# ACF Apprenticeship or Culinary School



## tyler howell (Apr 14, 2016)

I really just want to be a good chef. I want to learn everything about it all, and I want to be good at it. If I don't really need to go into debt to be a chef then honestly it seems that an apprenticeship (3 years) would be a great thing. Can anyone weigh in on this?


----------



## airforcechef (Feb 23, 2017)

[thread="75783"]Did Or Did You Not Go To Culinary School Was It Worth It [/thread]
I know this is an old post, but if you're still around, the previous is really good thread discussing that very same question.


----------



## nicko (Oct 5, 2001)

@Tyler Howell Few things.

Do not go into to debt to become a chef. It is a skill that you can learn by working for a great chef who is willing to mentor you. Classes on costing and things like that you can take a local community college.
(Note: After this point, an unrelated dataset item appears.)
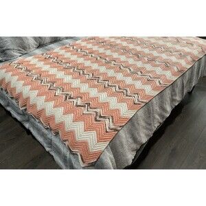 Handmade VINTAGE Afghan Crochet Blanket 81"x47" Chevron Zig Zag Granny Cottage
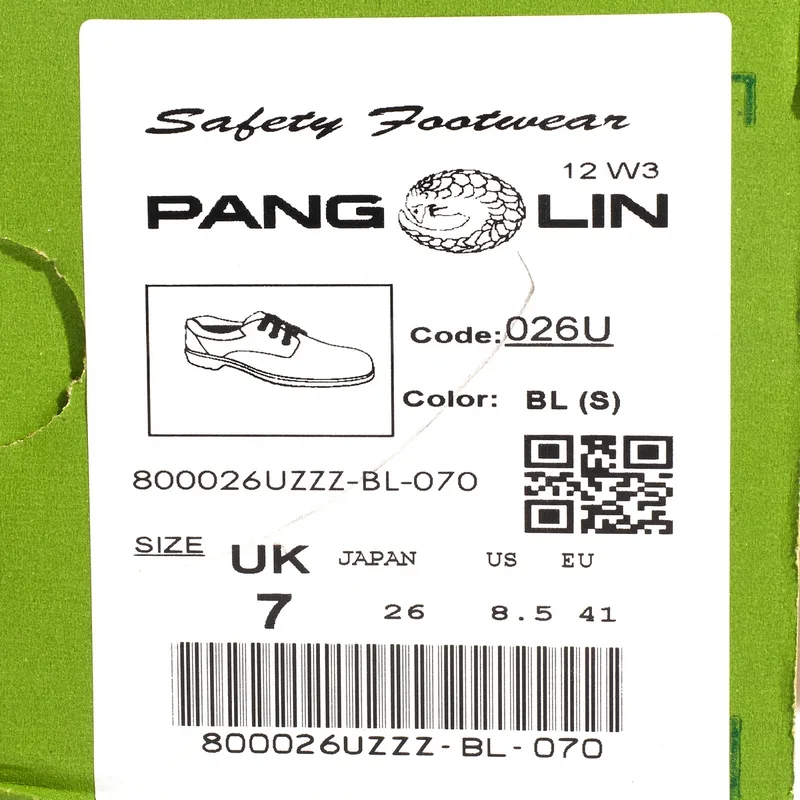 รองเท้านิรภัยหุ้มส้น พื้น PU ไซส์ 7 UK PANGOLIN รุ่น 0026 สีดำ

You can also ask your chef to teach you these things. Most chefs love to share knowledge.
Read, read, read. Most of the top chefs I worked for did not go to culinary school they just worked for years for great chefs.
Remember there is a world of difference between "I love to cook" and "I love to cook professionally". The professional cook is often at work, misses out on family events, misses out on weekends and nights. It is a tough gig that requires serious dedication.
My advice go for the apprenticeship.


----------